Meandering ridges in Greg Crater

Meandering ridges in Greg Crater
Click for original image.

Cool image time! The picture to the right, cropped, reduced, and sharpened to post here, was taken on November 29, 2022 by the high resolution camera on Mars Reconnaissance Orbiter (MRO). It shows what the scientists label “curved ridges.”

These might be inverted channels, the beds on which either water or ice flowed, compacting it down so that it became very resistant to erosion, and thus remains when the surrounding terrain was worn away. However, none of them seem to follow any grade. A more likely explanation is that these are ancient moraines, the debris pile pushed ahead of a glacier and then left behind when the glacier goes away.

The location is the reason I favor this explanation.

Overview map

The black dot inside Greg Crater on the right edge of the overview map to the right marks this picture’s location. The latitude is 39 degrees south, not only well inside the 30-60 degree latitude band where orbital images find many glaciers on Mars, but also in a region to the east of Hellas Basin that scientists have specifically labeled as having numerous glacial features.
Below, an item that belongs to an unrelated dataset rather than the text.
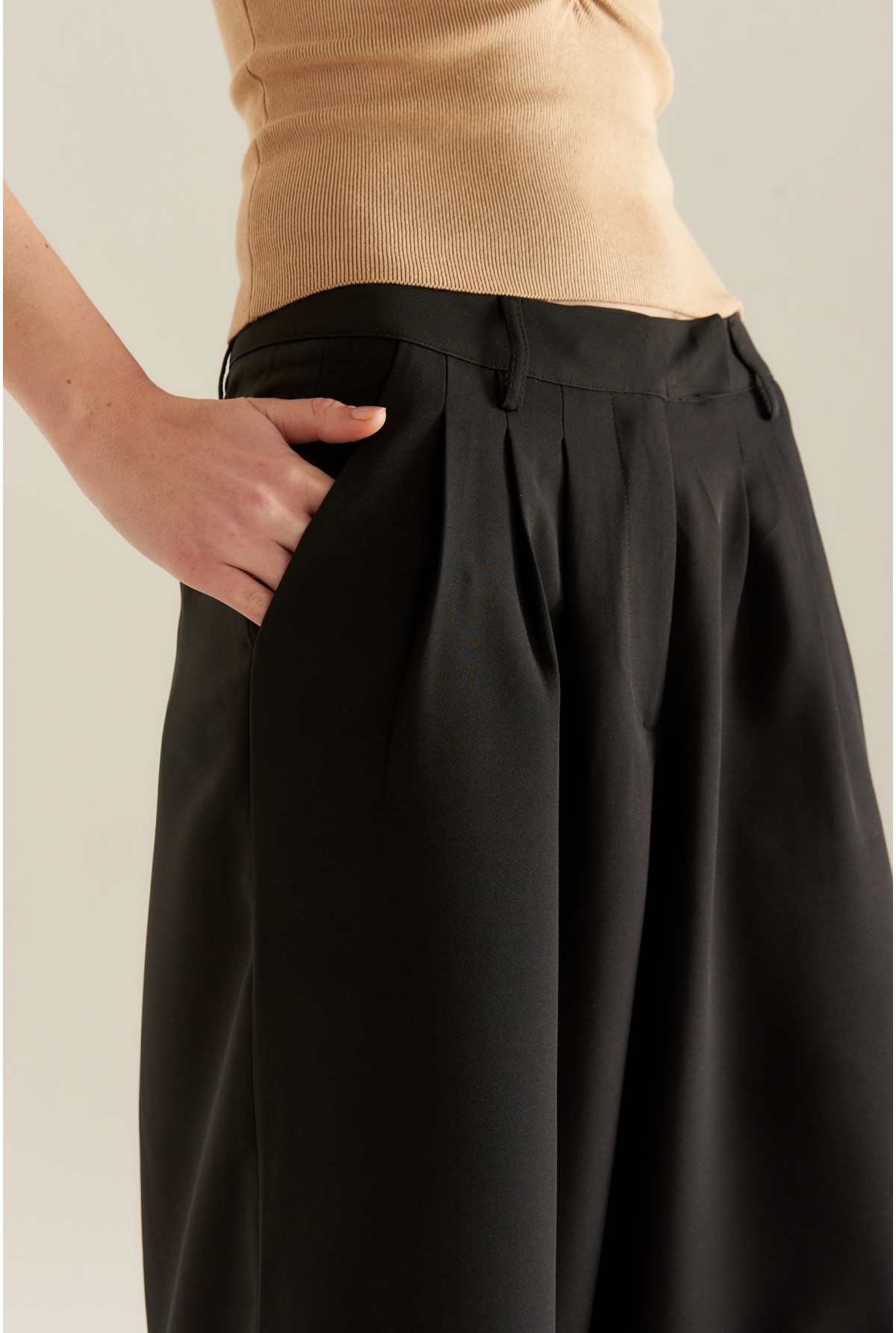 Pantalón sastrero tiro alto,pierna ancha. Cierre en delantero central y ganchos pantalones ocultos.

Many pictures in this region show similar meandering ridges. See for example this cool image from January 2021 of the north interior rim of of this same crater. See also this picture from November 2022. The second is especially similar to today’s meandering ridges, except that its position paralleling its crater interior wall makes it very clear it is a moraine.

In today’s image, the parallel ridges instead suggest that there were actually two glaciers here once, moving downhill towards each other. The space between the two longest ridges actually appears to be the low point in the southern quadrant of Greg Crater. The two glaciers never quite collided, but instead left opposing moraines only about 1,500 to 2,000 feet apart.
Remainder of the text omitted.